Main reading: Yeh (2012); Leonardo (2012)
Other reading: Bonilla and Rosa (2015)
This week, we will continue our discussion of publics and counterpublics.
For reflection: What is another empirical example of a counterpublic? What do you know about it? How did you learn about it? How is the situation in which you find it similar or dissimiliar to the one described by Yeh (2012) or Leonardo (2012)?
W. E. B. DuBois writes:
A people thus handicapped [by systematic inequality] ought not to be asked to race with the world, but rather allowed to give all its time and thought to its own social problems. But alas! while sociologists gleefully count his bastards and his prostitutes, the very soul of the toiling, sweating black man is darkened by the shadow of a vast despair. (DuBois 1903, 9)
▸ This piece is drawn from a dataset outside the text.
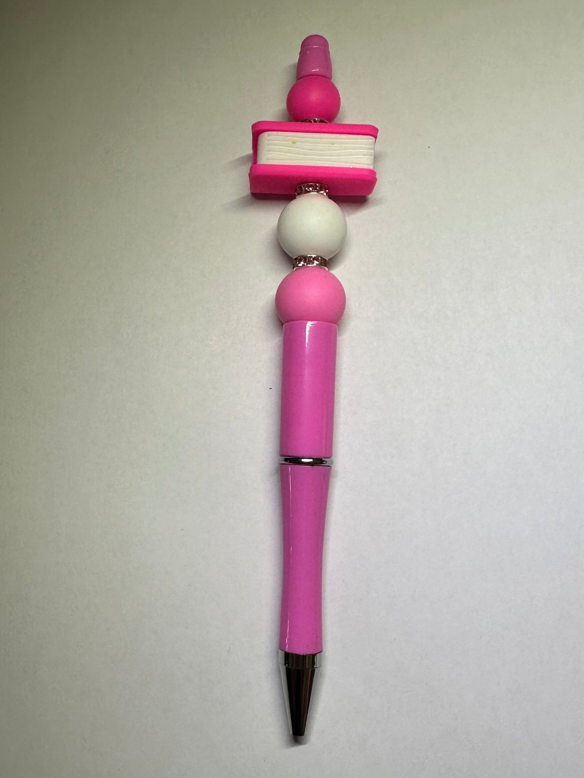 Handmade pen. Hot pink pen with silicone book focal and contrasting beads

How do you interpret this? What is the vast despair?
Bonilla, Yarimar, and Jonathan Rosa. 2015. “#Ferguson: Digital Protest, Hashtag Ethnography, and the Racial Politics of Social Media in the United States.” American Ethnologist 42 (1): 4–17. https://doi.org/10.1111/amet.12112.
Du Bois, W. E. B. 1903. “Of Our Spiritual Strivings.” In The Souls of Black Folk: Essays and Sketches, 1–12. Chicago: A. C. McClurg.